> **Problem to work on**:
Would you repeat word for word the lines of the listing that follows, from the one with "호석촌 깍두기와 양파, 소스류는" up to and including the one with "Attached to the", and leave out the images?

++++ Records for this task ++++

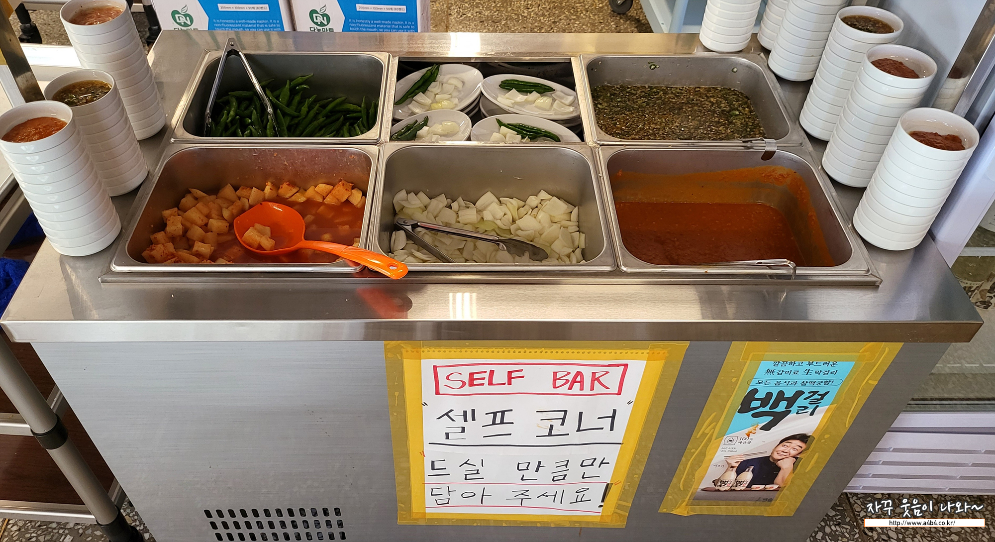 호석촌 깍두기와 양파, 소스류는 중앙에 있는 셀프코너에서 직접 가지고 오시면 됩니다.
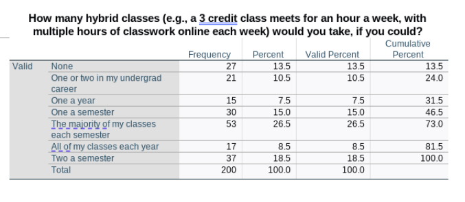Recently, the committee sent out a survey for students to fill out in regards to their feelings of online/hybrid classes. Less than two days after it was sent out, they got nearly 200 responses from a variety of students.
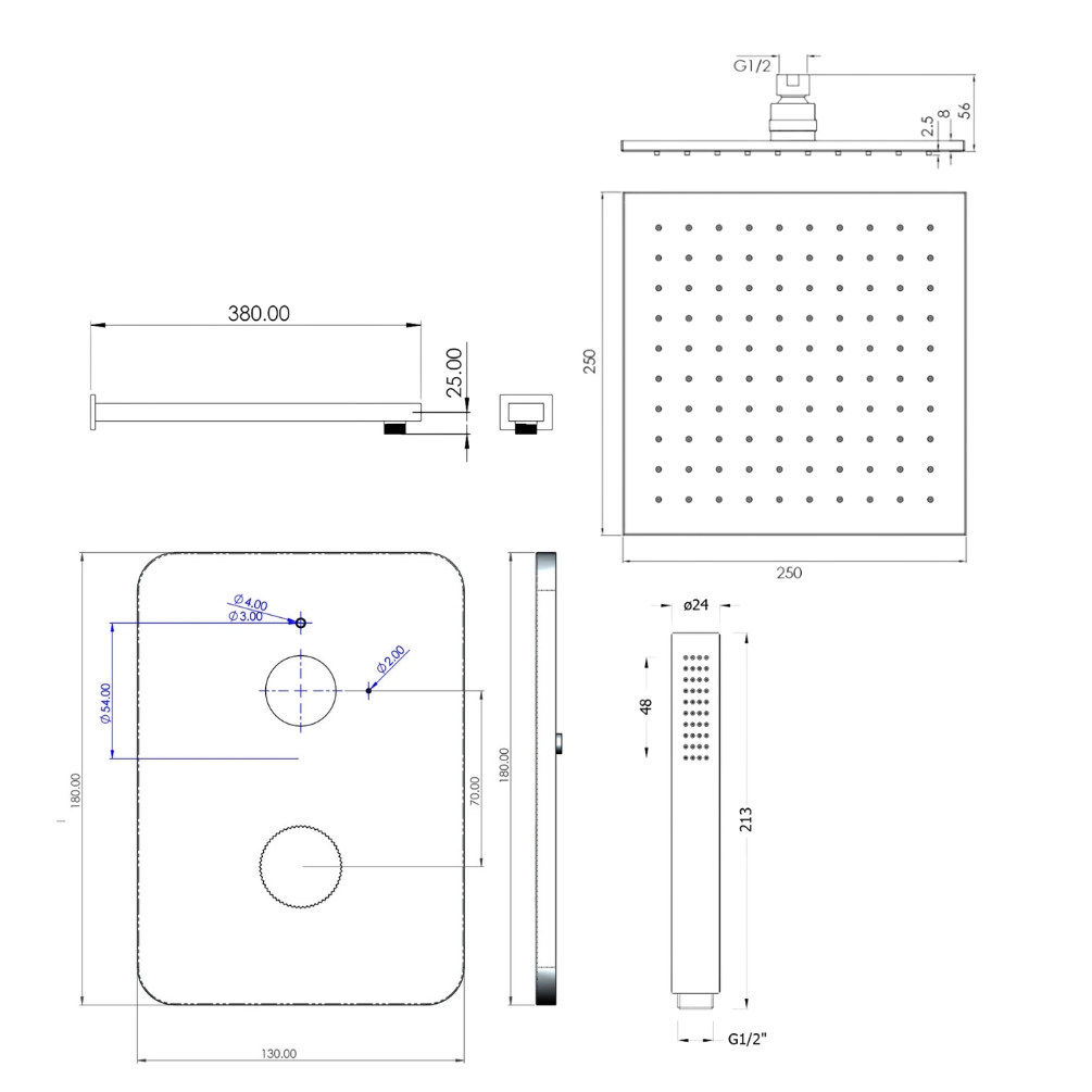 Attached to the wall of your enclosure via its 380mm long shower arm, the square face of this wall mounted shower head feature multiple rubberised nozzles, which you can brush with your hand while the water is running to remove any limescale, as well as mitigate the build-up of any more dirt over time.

++++
++++ Records for this task ++++

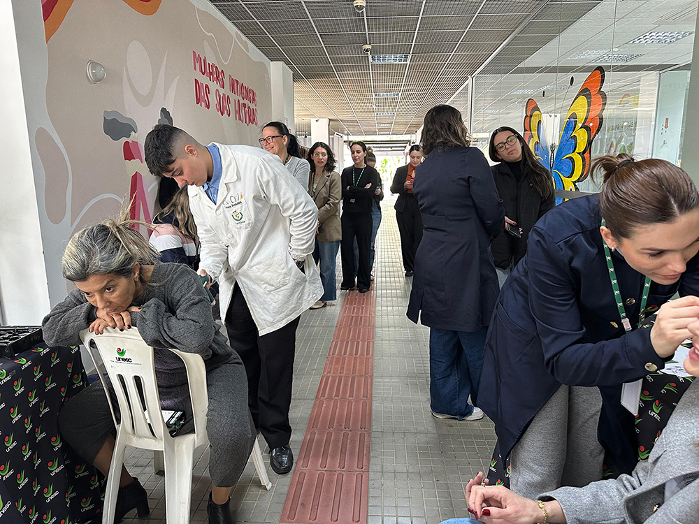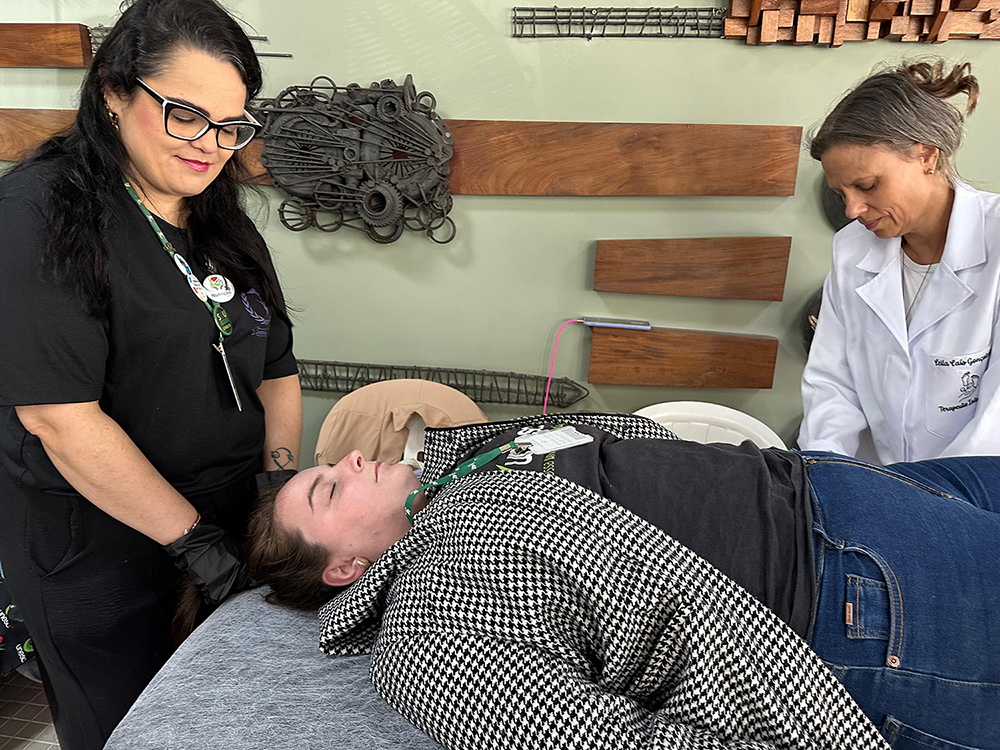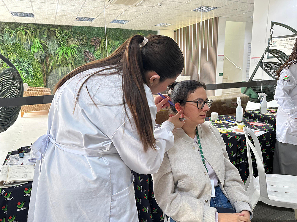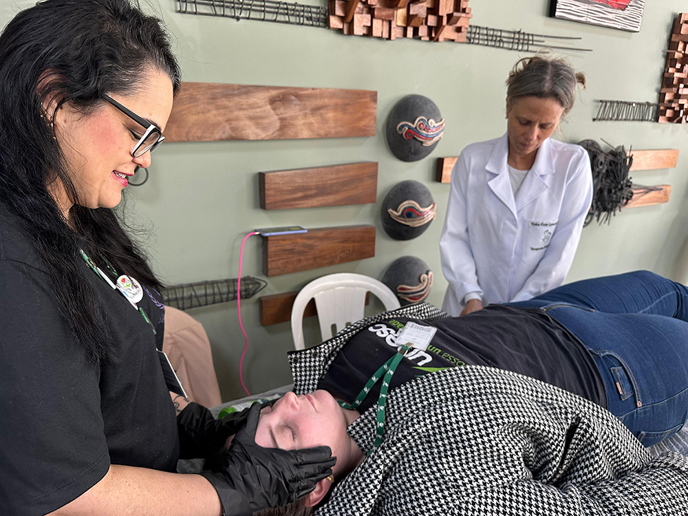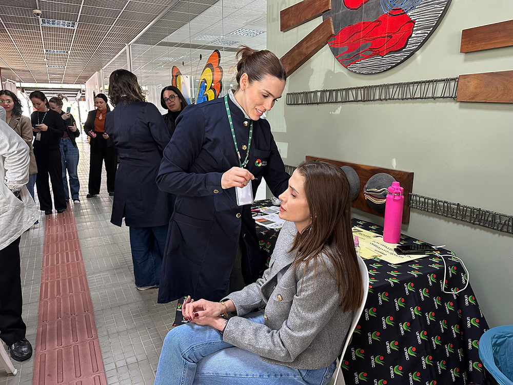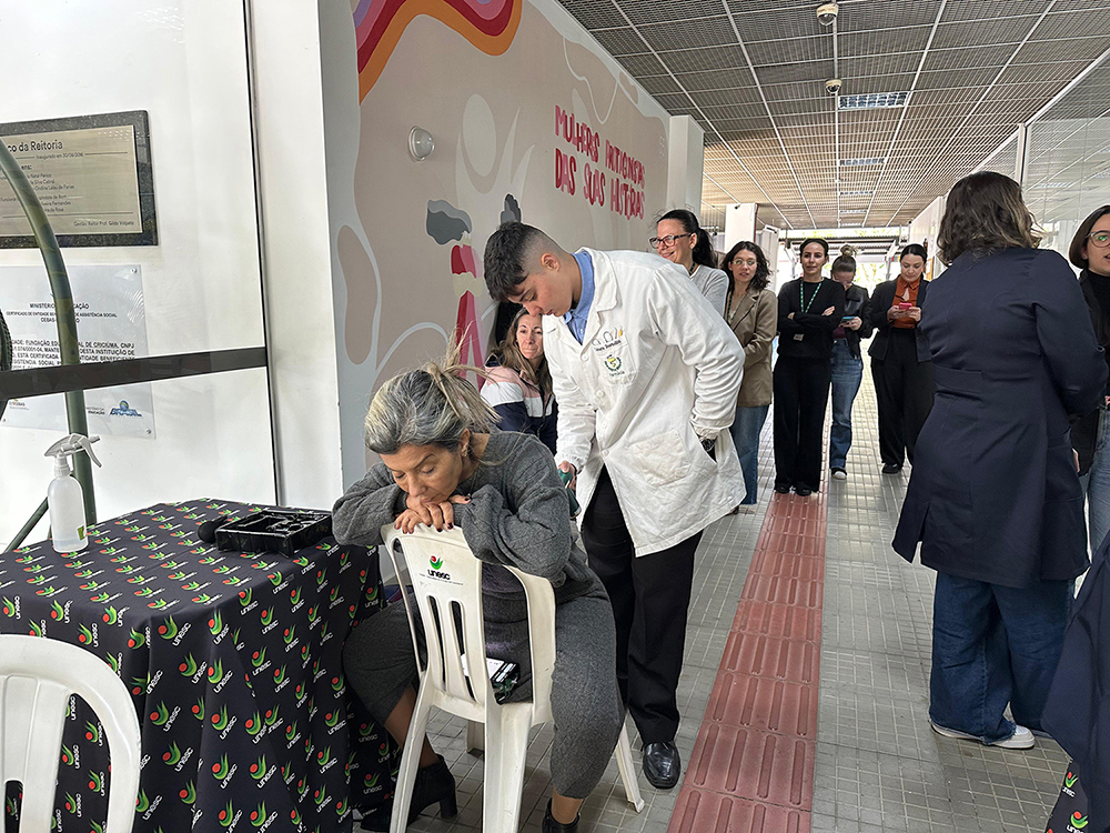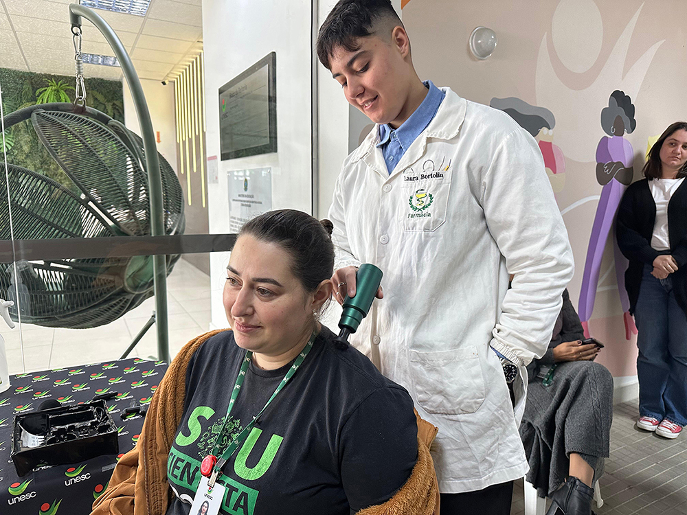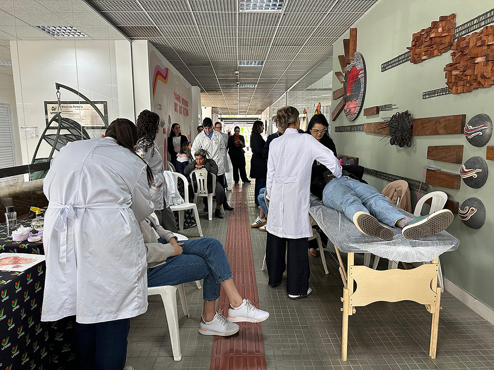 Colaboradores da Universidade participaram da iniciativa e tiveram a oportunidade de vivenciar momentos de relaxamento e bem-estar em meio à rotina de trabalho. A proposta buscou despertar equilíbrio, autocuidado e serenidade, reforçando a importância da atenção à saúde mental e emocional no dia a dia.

++++
++++ Records for this task ++++

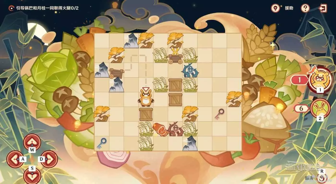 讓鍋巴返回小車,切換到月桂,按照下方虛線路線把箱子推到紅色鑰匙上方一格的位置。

++++

> **Written response**:
 호석촌 깍두기와 양파, 소스류는 중앙에 있는 셀프코너에서 직접 가지고 오시면 됩니다.
Recently, the committee sent out a survey for students to fill out in regards to their feelings of online/hybrid classes. Less than two days after it was sent out, they got nearly 200 responses from a variety of students.
 Attached to the wall of your enclosure via its 380mm long shower arm, the square face of this wall mounted shower head feature multiple rubberised nozzles, which you can brush with your hand while the water is running to remove any limescale, as well as mitigate the build-up of any more dirt over time.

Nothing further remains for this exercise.